In my column today, I mention last month's 1st Circuit ruling (PDF) reaffirming that the First Amendment protects the right to record the public acts of public officials, including police officers. Notably, the appeals court, which was dealing with a case in which a bystander was charged with eavesdropping after he recorded an arrest he happened to witness on the Boston Common, made no distinction between "members of the press" and the average joe:
It is of no significance that the present case...involves a private individual, and not a reporter, gathering information about public officials. The First Amendment right to gather news is, as the Court has often noted, not one that inures solely to the benefit of the news media; rather, the public's right of access to information is coextensive with that of the press....

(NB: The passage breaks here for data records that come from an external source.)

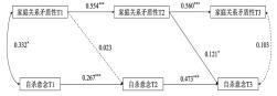 ,如图 1 所示, T2 家庭关系矛盾性能够正向预测T3 自杀意念。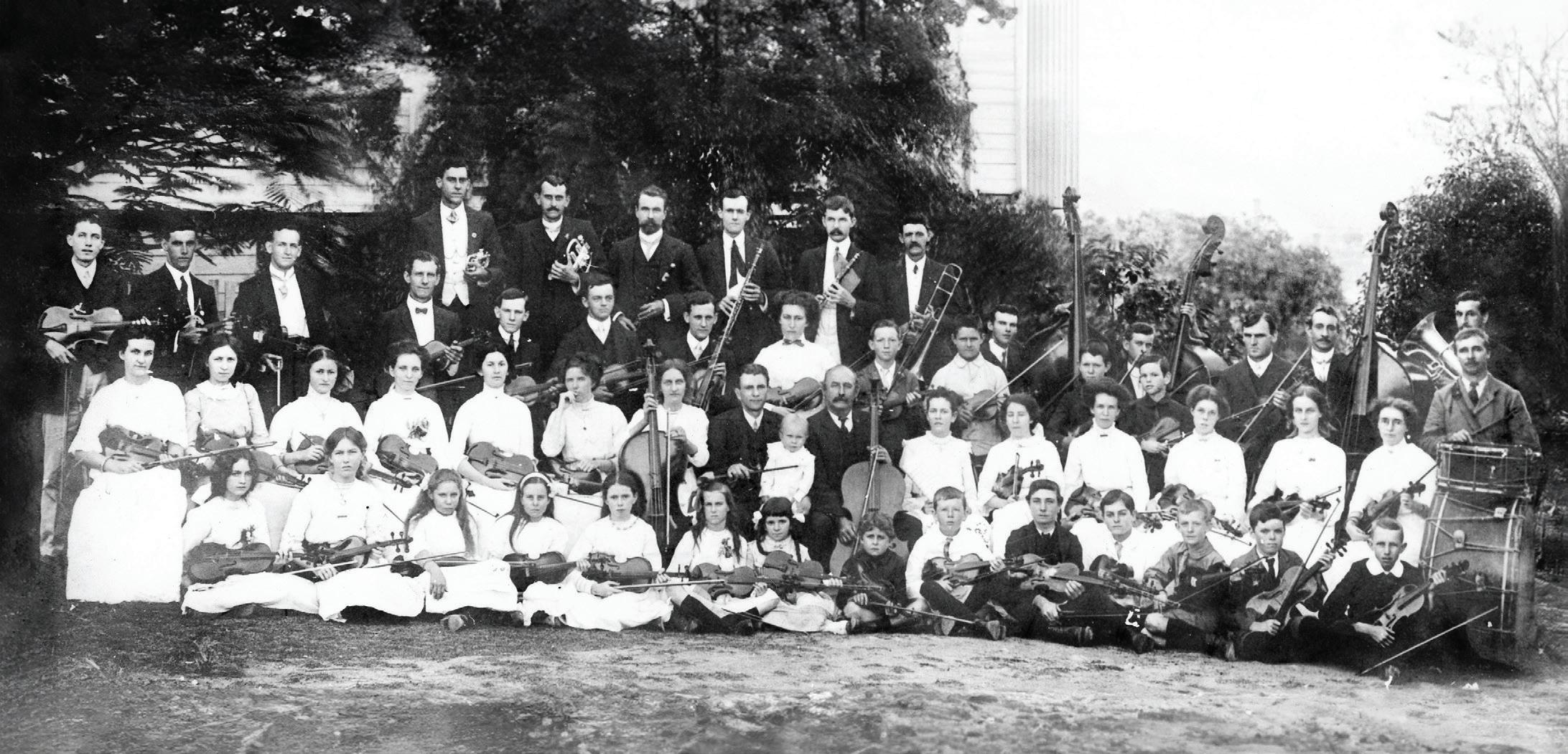 Second front row (l-r): Mrs C. Baker (violin), M. Glazebrook (violin), D. M. Moylan (violin), L. Lee (violin), N. Cairncross (violin), A. A. McCarthy (violin), S. Young (cello), A. J. Baker (conductor), A. W. J. Baker (infant), J. H. Nash (cello), T. M. Ruddell (violin), H. McConnell (violin), D. Lisle (violin), M. E. Whiteley (violin), H. Young (violin), Mrs F. S. Sanderson (violin), W. E. Whitehead (drums).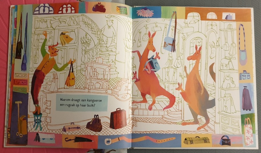 Maar hij wil ook weten waarom een zebra nooit eens roze met blauw gestreept is. En wie zet al die ogen in de veren van een pauw. Van elk dier heeft hij wel een vraag, en eerlijk is eerlijk ik weet de antwoorden ook niet!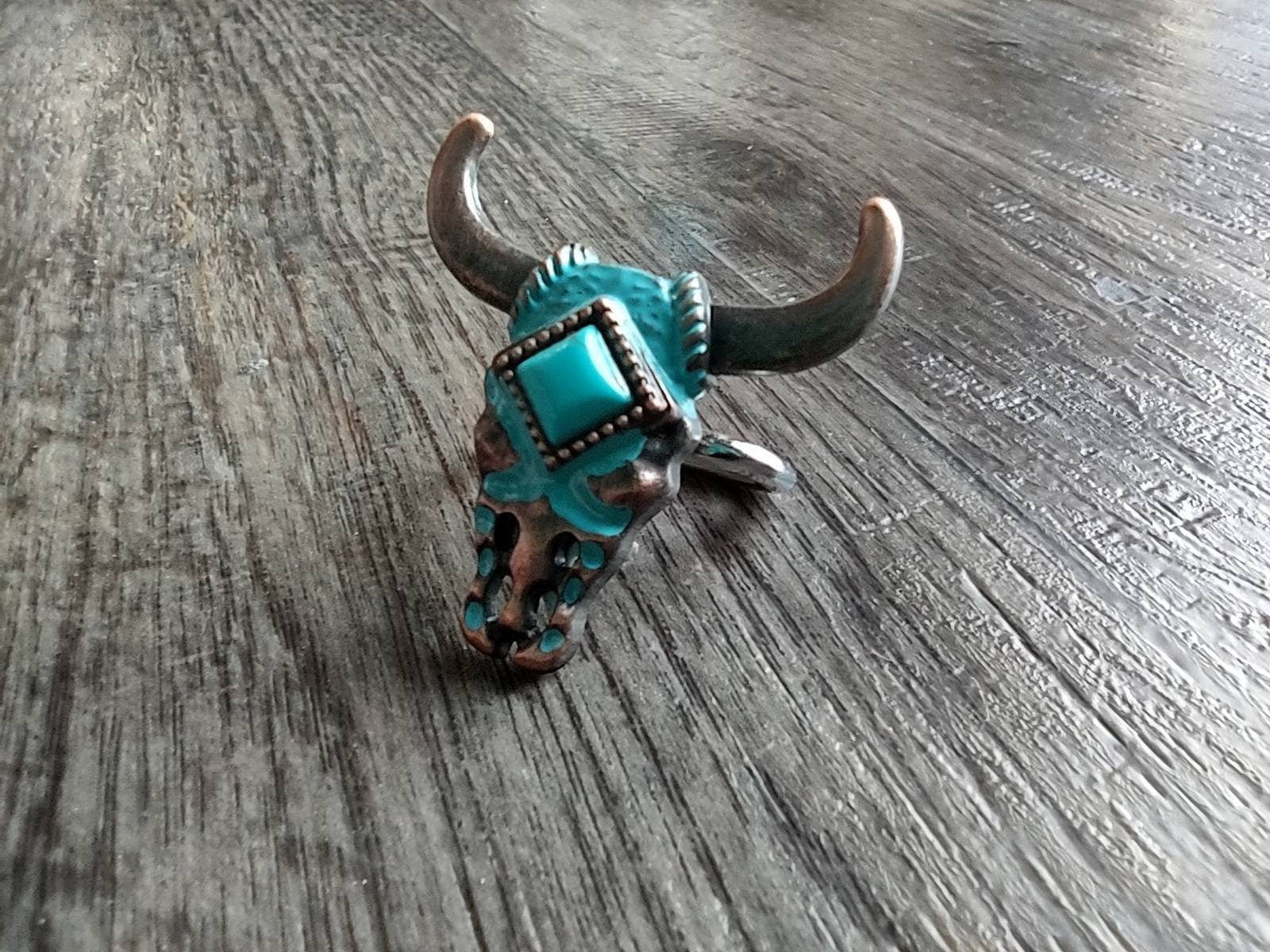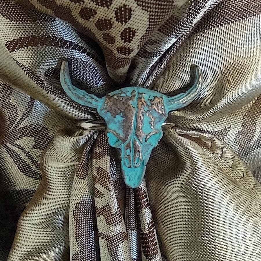 Concho Turquoise and copper Longhorn wild rag scarf slide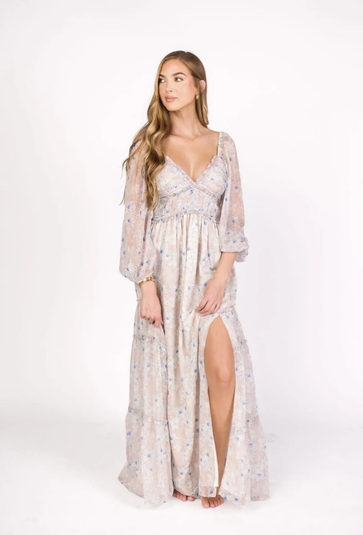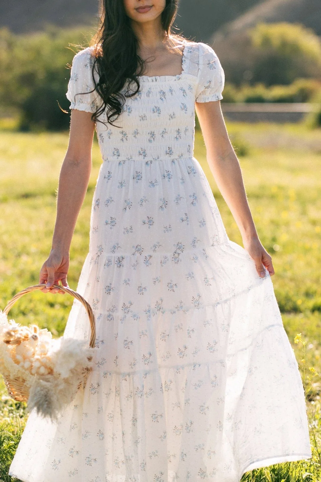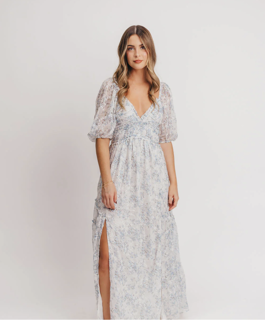 Imagine walking through the English countryside at dawn. You stop to pick some wildflowers, and a slight breeze ruffles your charming gown. Obviously you'd be wearing the Colette maxi dress, and you would *literally* be the picture of perfection. Featuring a flattering v-neckline, eyelet accents, and a full, flowy skirt, this stunning maxi will make you feel beautiful in every sense of the word. Bump friendly and nursing friendly! You can wear something under this if you prefer a more modest look!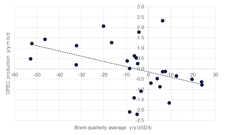 The direct impact from production changes on oil prices also appears to be concentrated during periods of market fixation on supply issues. From 2014-18—the period when oil prices crashed and OPEC adopted several strategies to deal with the collapse—there is a distinct, if limited, relationship between increases in output and lower prices (and vice versa). As the market is increasingly moving off non-supply related issues (eg trade war concerns, outlook for Fed rates) this relationship may start to weaken. Indeed, over a longer run period there is little discernible pattern from OPEC production levels and changes in benchmark prices.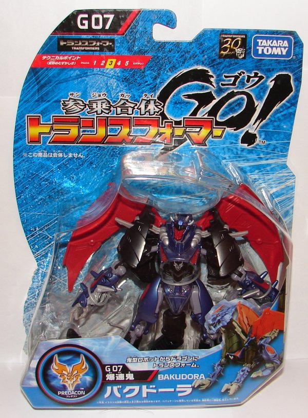 Bakudora is the Japanese version of Transformers Prime Beast Hunters Deluxe Ripclaw. He has a new paintjob and a new head. (Read my review of Ripclaw for more information on this mold.)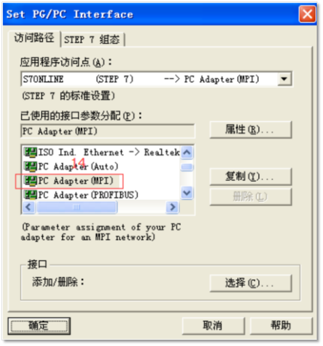 使用MPI方式将组态好的配置文件下载到PLC,打开Set PG/PC Interface,选择PC Adapter(MPI),并单击“属性”按钮进行相应配置。如下图所示: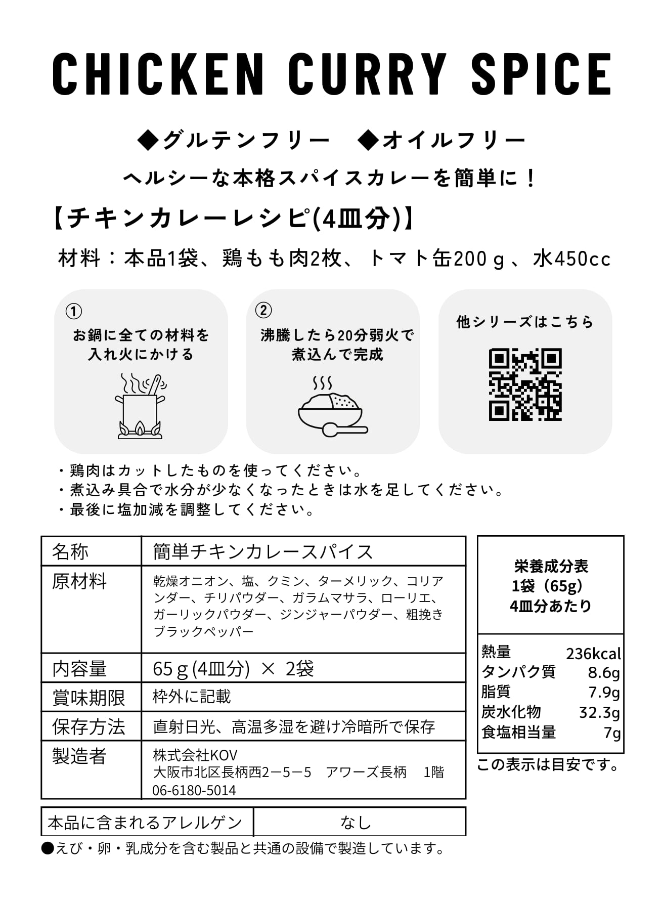 乾燥オニオン、塩、クミン、ターメリック、コリアンダー、チリパウダー、ガラムマサラ、ローリエ、ガーリックパウダー、ジンジャーパウダー、粗挽きブラックペッパー
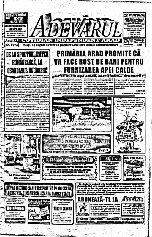 Adevărul, anul XI, nr. 2772, 1999-08-17
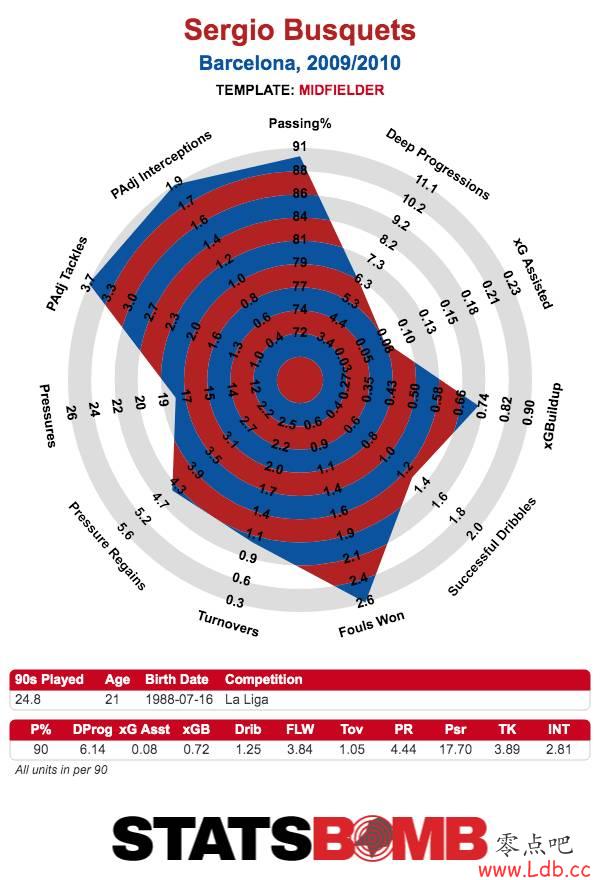 看看10年前布斯克茨的数据图,再想想罗德里的表现。瓜迪奥拉在曼城也拥有了一位类似布斯克茨这样的球员啦。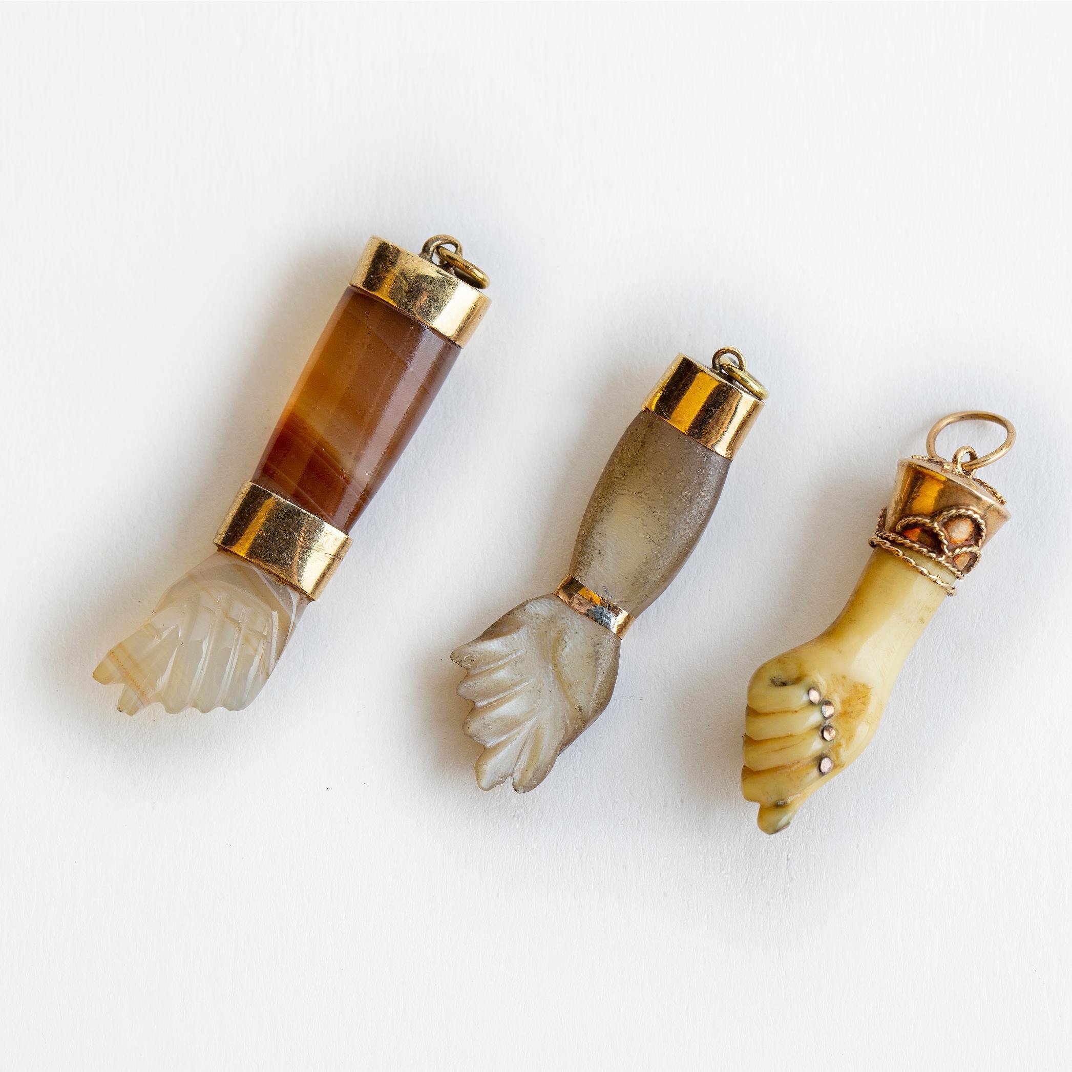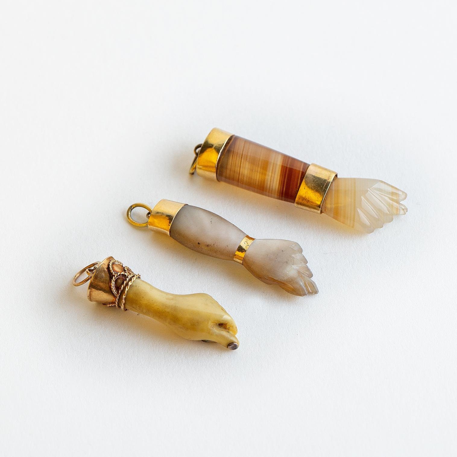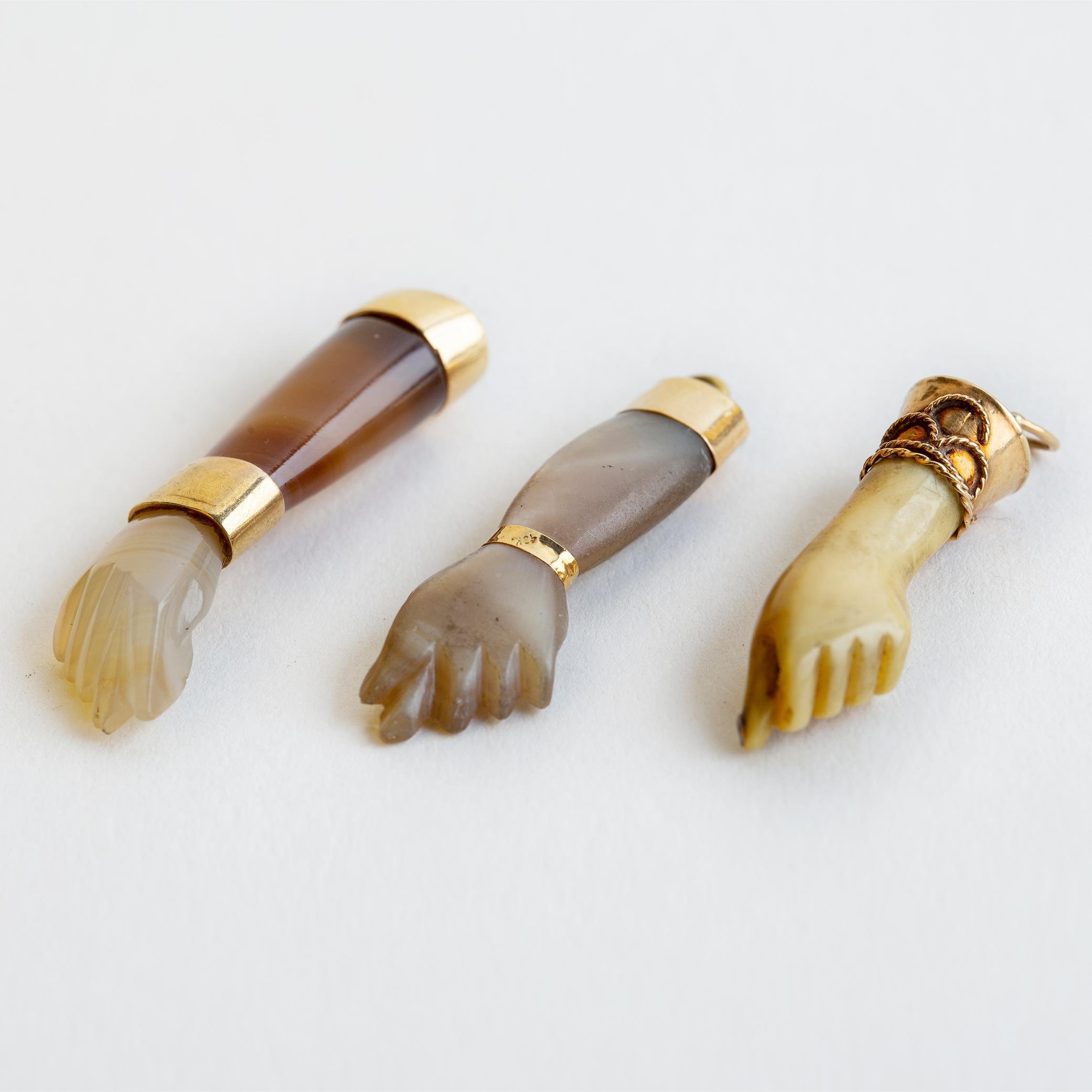 Conjunto de tres dijes con monturas en oro amarillo, esculturados «manos», uno en nácar, otro en ágata y nácar y otro en celuloide.

Moreover, changes in technology and society have made the lines between private citizen and journalist exceedingly difficult to draw. The proliferation of electronic devices with video-recording capability means that many of our images of current events come from bystanders with a ready cell phone or digital camera rather than a traditional film crew, and news stories are now just as likely to be broken by a blogger at her computer as a reporter at a major newspaper. Such developments make clear why the news-gathering protections of the First Amendment cannot turn on professional credentials or status.
This point is frequently overlooked, since people tend to think that the press in "freedom of the press" refers to professional journalists employed by news organizations, as opposed to a technology of mass communication, which nowadays certainly includes blogs as well as newspapers and TV stations. The restrictions on political speech overturned by the Supreme Court in Citizens United, for example, included an exemption for media corporations, as if that took care of any First Amendment concerns.